In a new study, Vanderbilt pharmacologist Jerod Denton, Ph.D., Ohio State entomologist Peter Piermarini, Ph.D., and colleagues report an experimental molecule that inhibits kidney function in mosquitoes and thus might provide a new way to control the deadliest animal on Earth.
The investigators aim their inhibitor, named VU041, at the mosquito Anopheles gambiae, the leading vector for malaria, and Aedes aegypti, a mosquito that transmits Zika virus and other pathogens. The study appears in the journal Scientific Reports.
Over several decades of exposure, mosquitoes have evolved genetic resistance to various insecticides that attack their nervous system. The new study shows for the first time that inducing kidney failure -- or, more correctly, Malpighian tubule failure -- in mosquitoes can circumvent resistance to conventional insecticides.
"We're essentially preventing mosquitoes from producing urine after they take a blood meal," said Denton, associate professor of Anesthesiology and Pharmacology.
According to Denton, in taking a blood meal mosquitoes can double or even triple their body weight.
Besides providing nutrients, blood meals carry toxic salts; the potassium chloride lurking in red blood cells, if not quickly voided, can depolarize cell membrane potentials and kill straightaway.
"So they've evolved a rapid diuretic process to very quickly separate the salt water from all the nutrients that they need for egg development. A lot of people don't realize that mosquitoes have kidneys, and when they take a blood meal from you they also urinate on you almost simultaneously.

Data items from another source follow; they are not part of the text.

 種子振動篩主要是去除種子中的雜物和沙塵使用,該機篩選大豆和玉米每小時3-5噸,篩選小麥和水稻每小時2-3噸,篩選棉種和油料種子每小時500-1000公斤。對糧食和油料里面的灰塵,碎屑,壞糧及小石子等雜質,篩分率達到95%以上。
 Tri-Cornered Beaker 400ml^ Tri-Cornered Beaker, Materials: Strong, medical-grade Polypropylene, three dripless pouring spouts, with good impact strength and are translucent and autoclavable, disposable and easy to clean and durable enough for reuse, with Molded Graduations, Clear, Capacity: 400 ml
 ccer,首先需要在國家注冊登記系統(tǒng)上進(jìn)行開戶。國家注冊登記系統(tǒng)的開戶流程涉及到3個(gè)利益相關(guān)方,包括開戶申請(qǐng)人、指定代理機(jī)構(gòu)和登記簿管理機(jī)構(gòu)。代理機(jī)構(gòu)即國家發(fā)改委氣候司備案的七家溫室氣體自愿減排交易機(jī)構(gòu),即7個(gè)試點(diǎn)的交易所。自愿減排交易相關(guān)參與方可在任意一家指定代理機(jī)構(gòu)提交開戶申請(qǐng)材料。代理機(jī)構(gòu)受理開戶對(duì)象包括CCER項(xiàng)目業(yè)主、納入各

"What our compounds do is stop urine production, so they swell up and can't volume regulate, and in some cases they just pop," he said.
Conventional mosquitocides cause death of males and females at all stages of mosquito development, and in doing so exert considerable selective pressure for the development of genetic resistance.

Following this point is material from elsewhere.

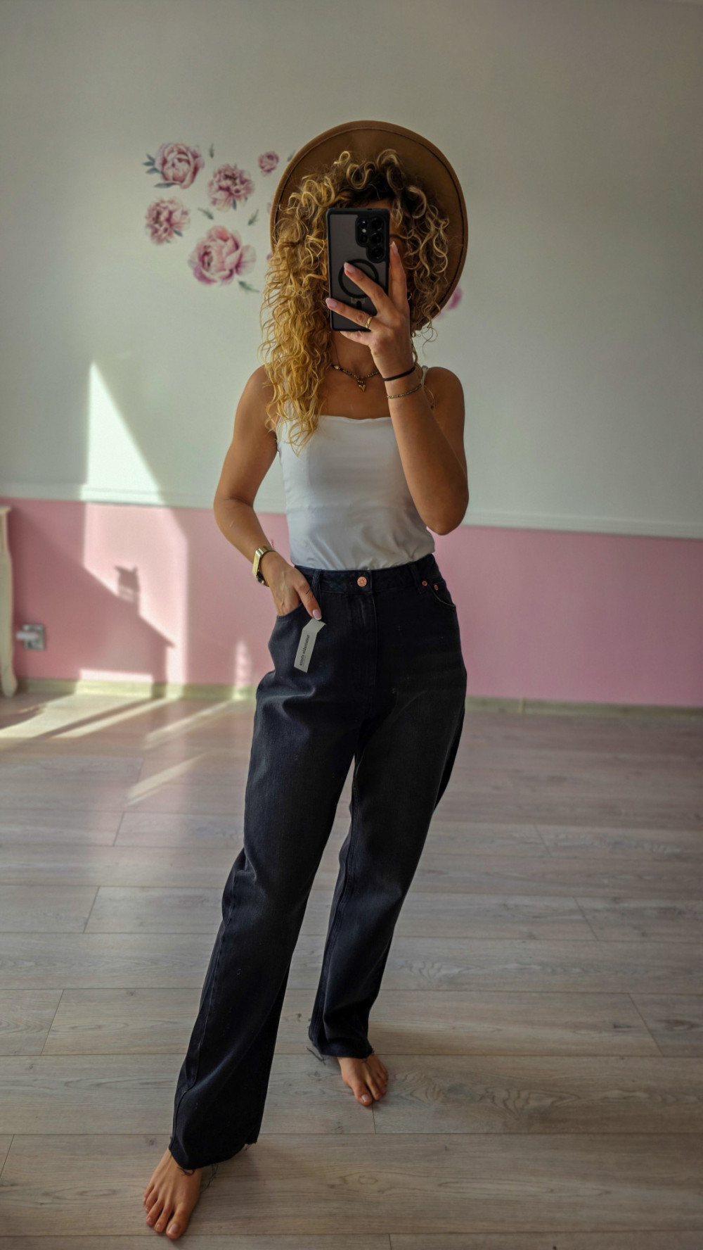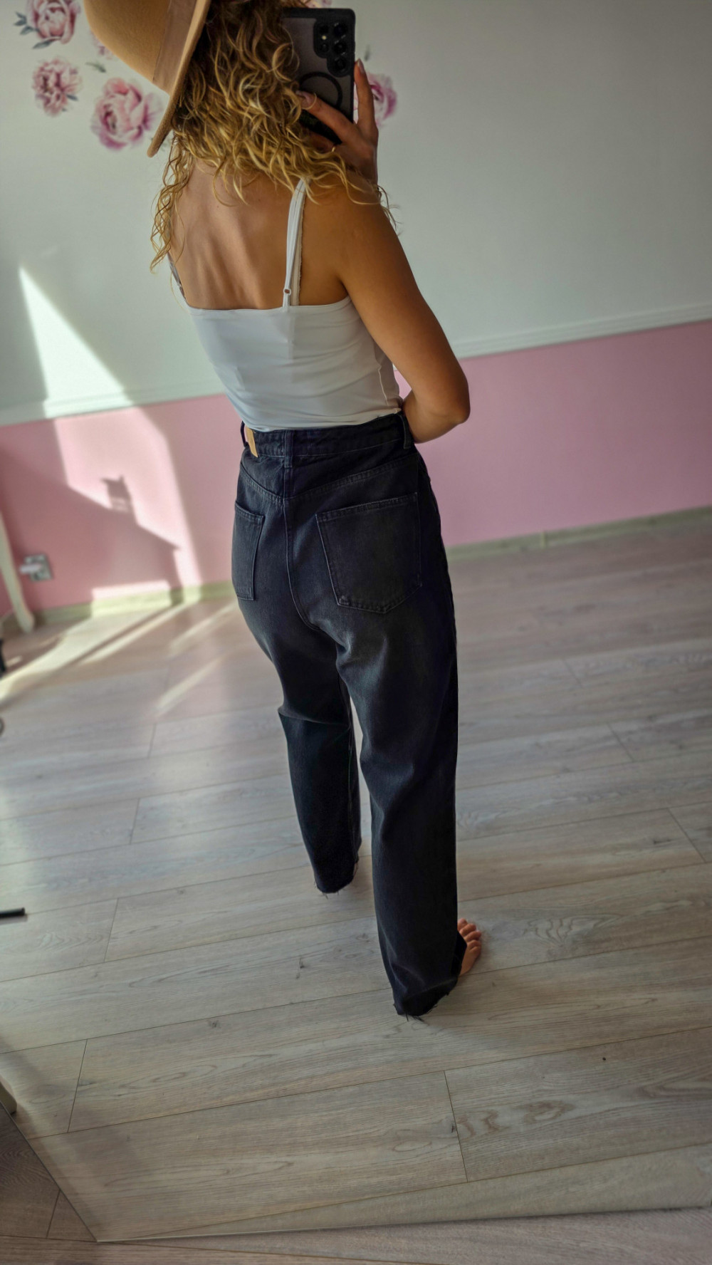 Ponadczasowe czarne jeansy straight to absolutny must-have w każdej garderobie. Wykonane z miękkiego, elastycznego denimu, zapewniają wygodę i idealne dopasowanie do sylwetki. Prosty krój wysmukla nogi i sprawia, że spodnie pasują do wszystkiego.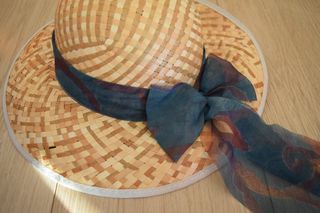 Sombrero de entrelazados de fibra vegetal marrón con lazo de colores azules. Alguna hebra está dañada

"By targeting blood feeding female mosquitoes, we predict that there will be less selective pressure for the emergence of resistant mutations," Denton said.
The investigators show VU041 to be effective when applied topically, which indicates that it potentially could be adapted as a sprayed insecticide. They also show that it doesn't harm honeybees.

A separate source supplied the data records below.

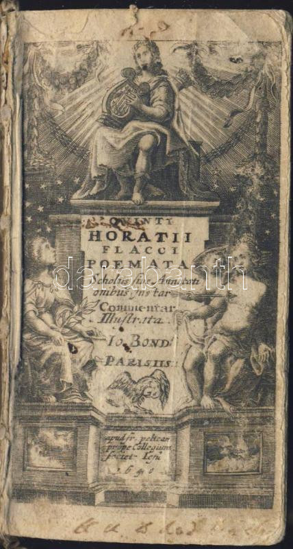1640 Joannis Bond/John Bond (1550-1612): Quinti Horatii Flacci Poemata scholiis sive annotationibus, quae brevis Commentarii vice esse possint illustrata, Paris, 877 old. (bőrkötés részben elvált, de szép hiánytalan állapotban)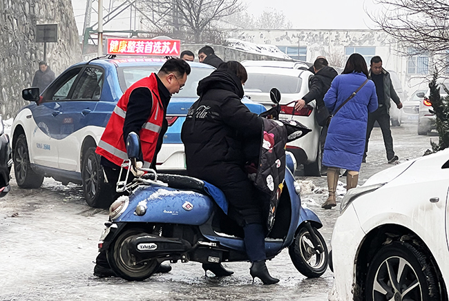 一场大雪,导致王台铺矿门口的陡坡湿滑结冰,路过的车辆打滑难行,路段压车严重。远远看去,有“一抹红”正在推行上坡困难的车辆。原来,为了保障行车安全,宇光公司销售中心动员员工自愿成立应急救援小队,主动清理道路积雪,帮助因路面积雪导致车辆打滑、上坡困难滞留半坡难以起步的车辆。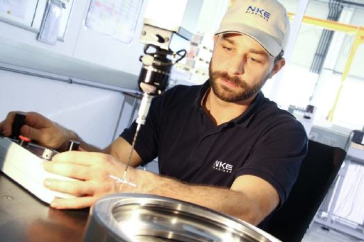 NKE fertigt Komponenten für Lager von 200 mm bis 800 mm Durchmesser am Firmenstandort in Steyr. Während und nach der Fertigung werden Güte und Geometrie der einzelnen Lagerkomponenten geprüft. Nach der Lagermontage wird am Prüfstand exemplarisch ein Funktionstest mit kompletten Lagern gemacht, um das Zusammenspiel der Komponenten und die Laufeigenschaften festzustellen.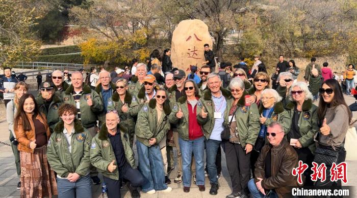 10月29日,美國飛虎隊老兵哈里·莫耶、飛虎隊指揮官陳納德將軍的外孫女尼爾·凱樂威以及一眾飛虎隊老兵家屬在北京八達嶺長城景區(qū)合影留念。中新社記者郭超凱 攝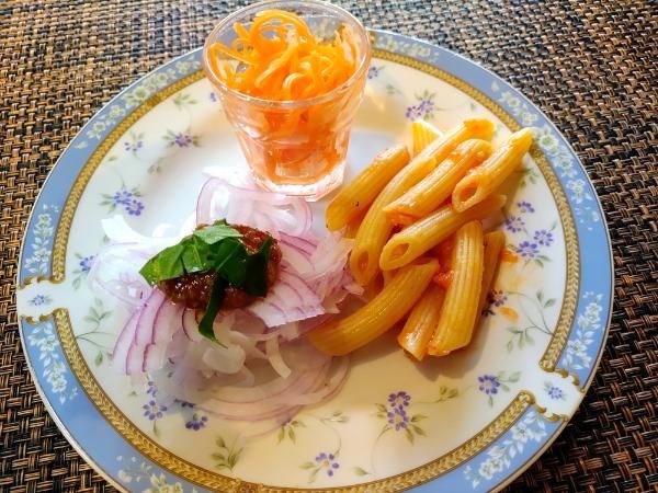 かわいい絵柄のお皿に、色鮮やかなパスタと2種類の野菜サラダが彩り豊かに盛り付けられています。ひと口食べるとペンネは、もちもちとした食感で、ソースとの絡みも抜群。野菜サラダはシャキシャキとした食感で、ドレッシングとの相性も絶妙です。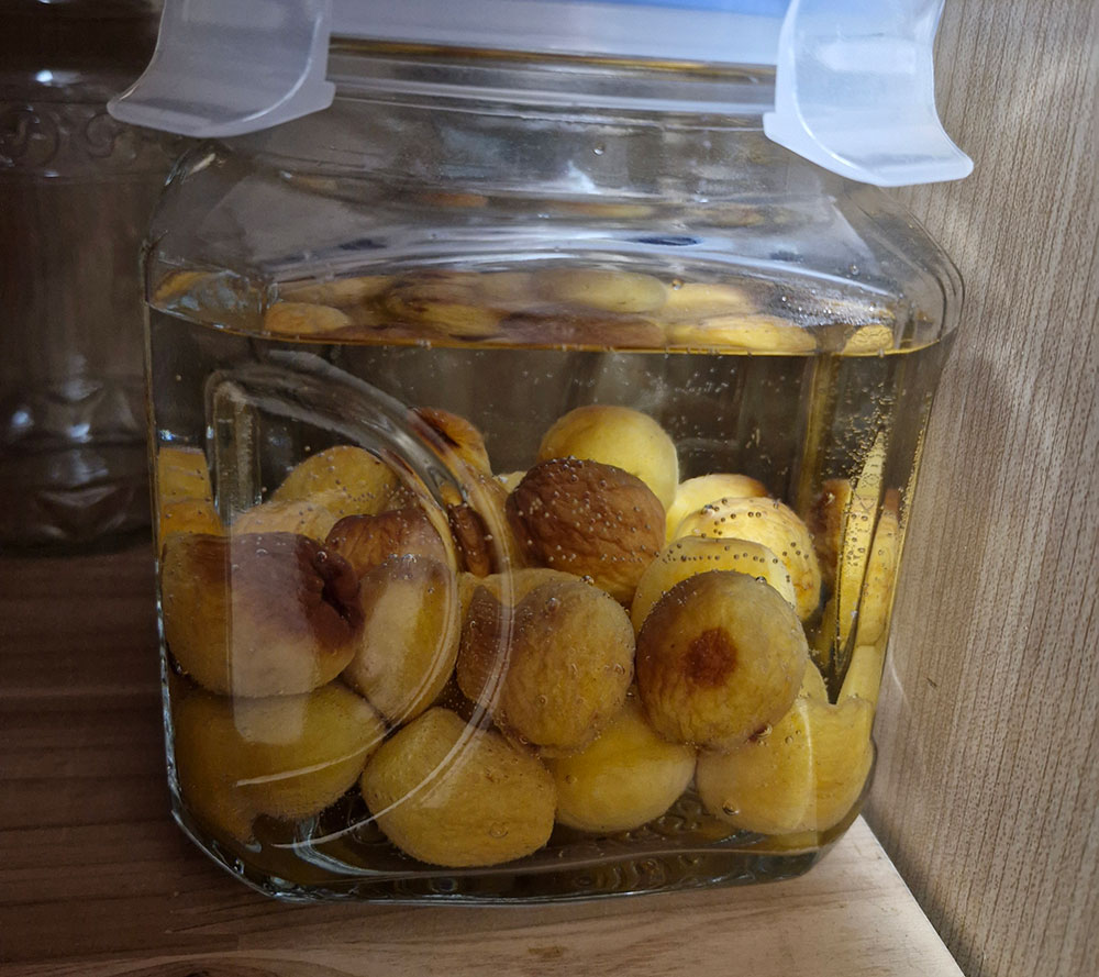 제 경험상 약 3개월정도 지나면 술이 노르스름하게 색이 변하고 잘 익더군요. 3개월 후 열매를 건지고 더 숙성시키거나 먹기 시작하면 됩니다. 뚜껑에 제조일을 표시하고 기다리면 끝입니다. 이제 맛있게 먹는 일만 남았네요. ㅎ

Arrangements are underway to test VU041 in a spray formulation. If that's successful, additional safety testing would be needed before deciding about commercial development, Denton said.
Denton and Piermarini are joined in the study by former Vanderbilt research fellow Daniel Swale, Ph.D., now a faculty member at Louisiana State University, and colleagues from Ohio State, Vanderbilt, the University of Florida and the University of Nebraska Medical Center.
Other Vanderbilt participants in the study include Darren Engers, Ph.D., Sean Bollinger and Emily Days.
The study was funded in part by a grant (DK082884) from the National Institutes of Health.